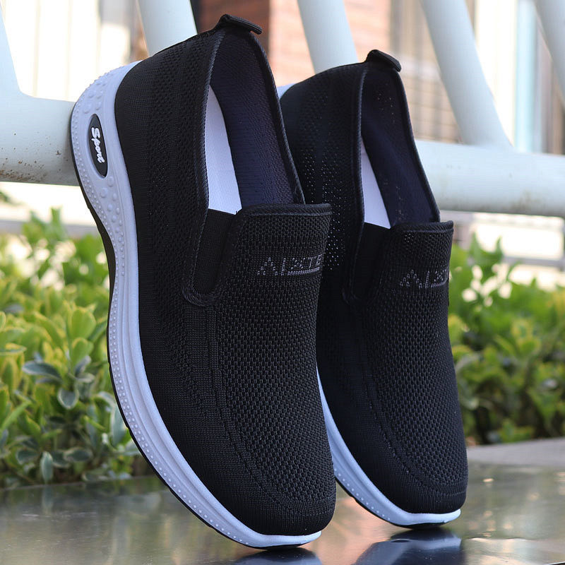 一脚蹬男鞋2025新款夏季透气爸爸鞋子软底网面薄款鞋老北京布鞋男
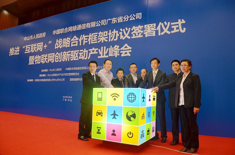 11月6日,由中山市政府、廣東聯(lián)通聯(lián)合主辦,火炬區(qū)管委會(huì)、中山市經(jīng)信局承辦,國(guó)家健康基地、廣東司南物聯(lián)股份有限公司協(xié)辦的“推進(jìn)‘互聯(lián)網(wǎng)+’戰(zhàn)略合作框架協(xié)議簽署儀式暨物聯(lián)網(wǎng)創(chuàng)新驅(qū)動(dòng)產(chǎn)業(yè)峰會(huì)(中山)”在市政府會(huì)議中心舉行。中山市委書(shū)記薛曉峰、中山市委常委、火炬區(qū)黨工委書(shū)記、翠亨新區(qū)黨工委書(shū)記侯奕斌、中山市副市長(zhǎng)高瑞生以及國(guó)家健康基地總經(jīng)理方迎、司南物聯(lián)網(wǎng)總經(jīng)理張力出席會(huì)議。
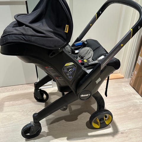 Myggnett, solskjerm, to regntrekk samt grå stellebag (festes på vogn fremme) og en veske som kan festes bak medfølger i prisen.
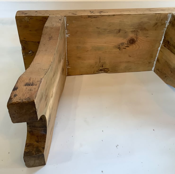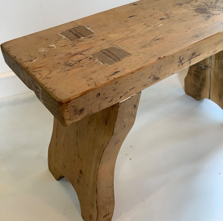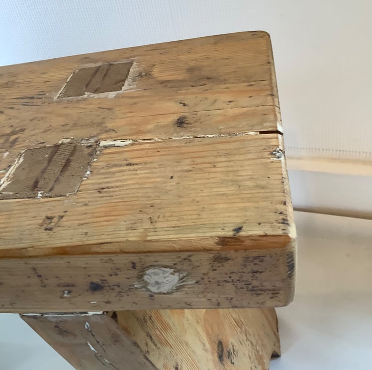 It is made from solid 60 year old reclaimed pine wood, hand made housing joints, glued and filled, then sanded and finished with layers of danish oil and beeswax to give it a water resistant durable finish.
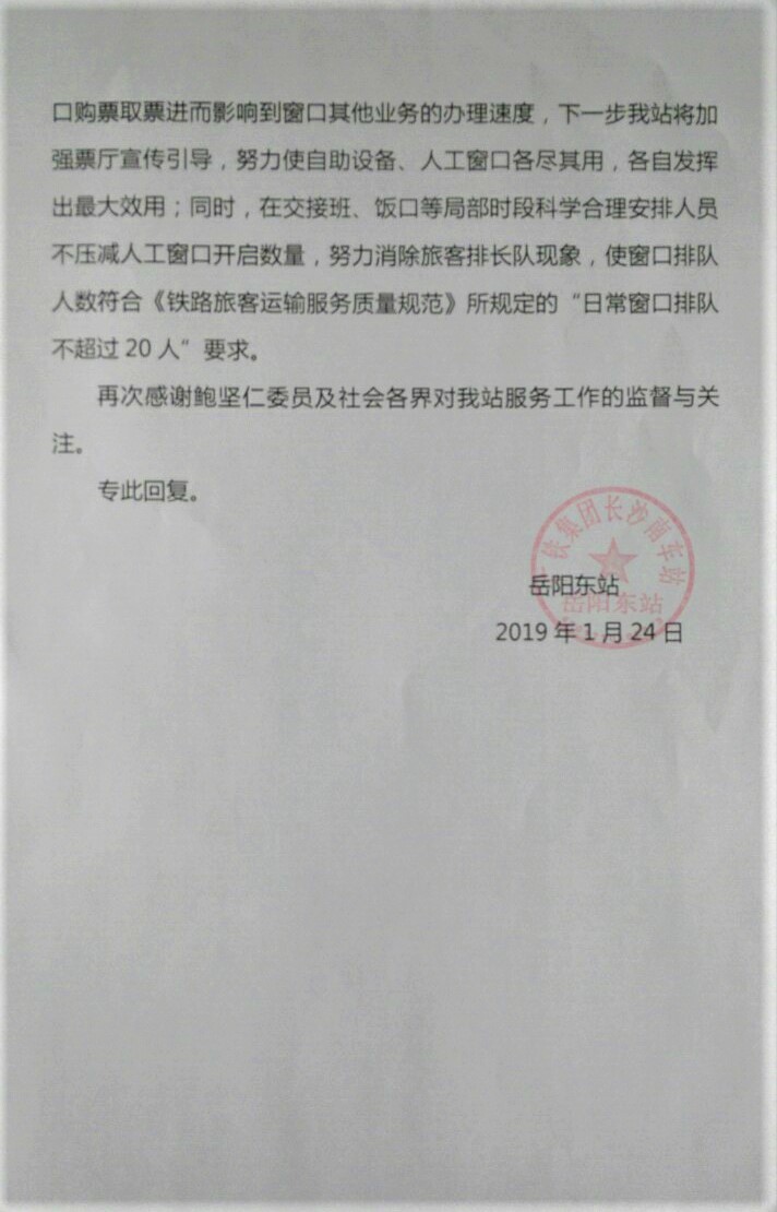 岳阳市政协委员鲍坚仁通过省政协云APP微建议反映:岳阳东站售票处的人工服务窗口很多,但是很多时候只打开一两个,其余窗口使用窗帘遮蔽(做的很隐蔽),导致排队过长,排队一小时并不罕见。现在春运马上开始了,而且天气寒冷,这个情况愈发严重。岳阳东站完全有条件多开人工窗口,希望队伍不超过十人。
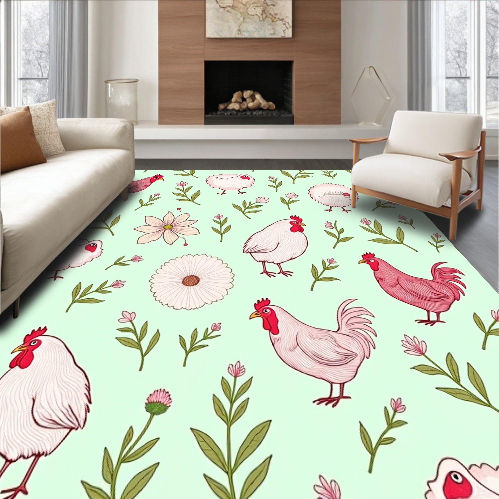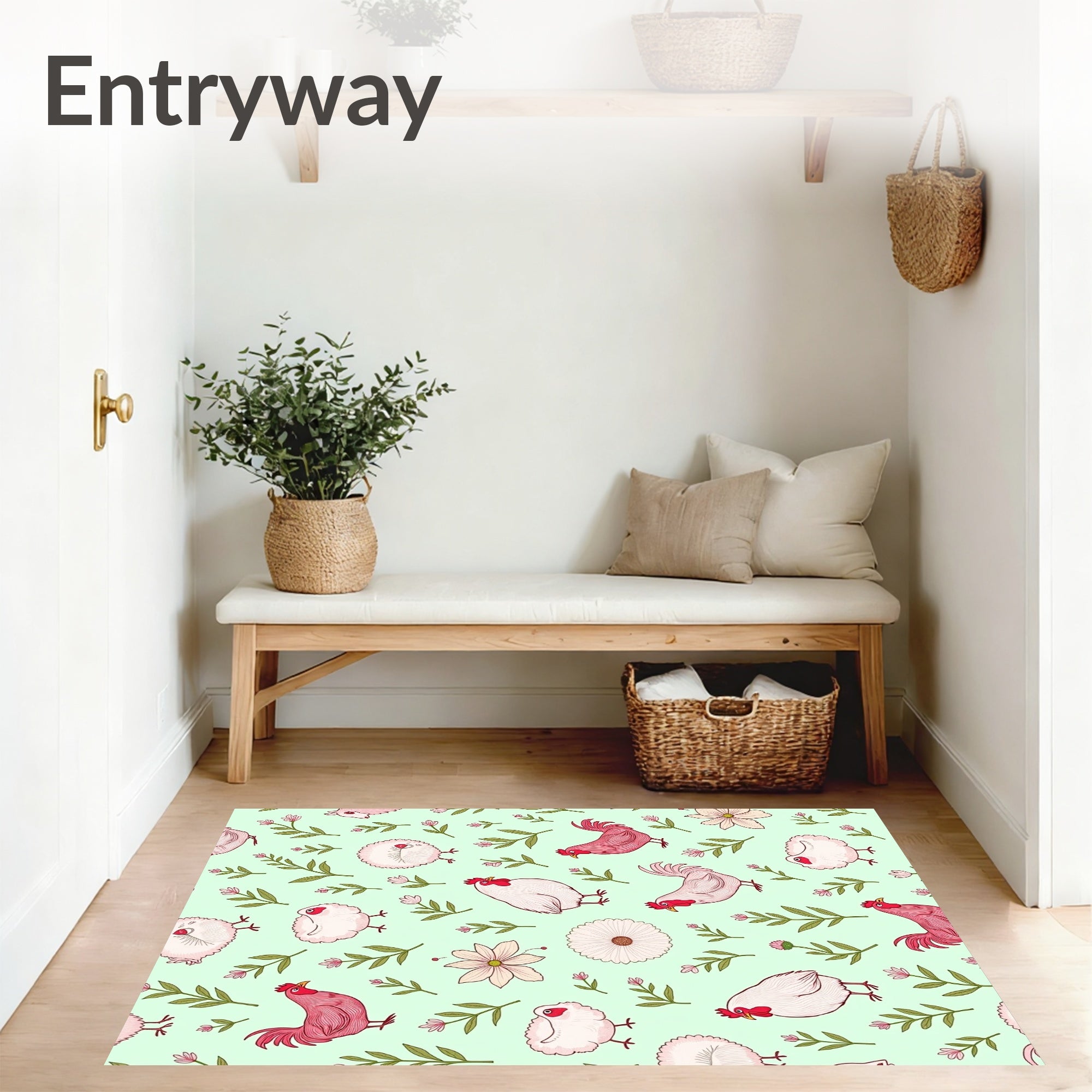Flatwoven High Traffic Area Rug, Heritage Farm Animal Ensemble with Cottage Garden Florals, Non Slip, Stain Resistant, Washable Area Rugs for Living Room, Bedroom (Green) Overview:

--------

Problem description: In the listing above, find the line with "It is made from" and the line with "岳阳市政协委员鲍坚仁通过省政". Output both, plus every line between them, and no pictures.

Solution to the problem:
 It is made from solid 60 year old reclaimed pine wood, hand made housing joints, glued and filled, then sanded and finished with layers of danish oil and beeswax to give it a water resistant durable finish.
 岳阳市政协委员鲍坚仁通过省政协云APP微建议反映:岳阳东站售票处的人工服务窗口很多,但是很多时候只打开一两个,其余窗口使用窗帘遮蔽(做的很隐蔽),导致排队过长,排队一小时并不罕见。现在春运马上开始了,而且天气寒冷,这个情况愈发严重。岳阳东站完全有条件多开人工窗口,希望队伍不超过十人。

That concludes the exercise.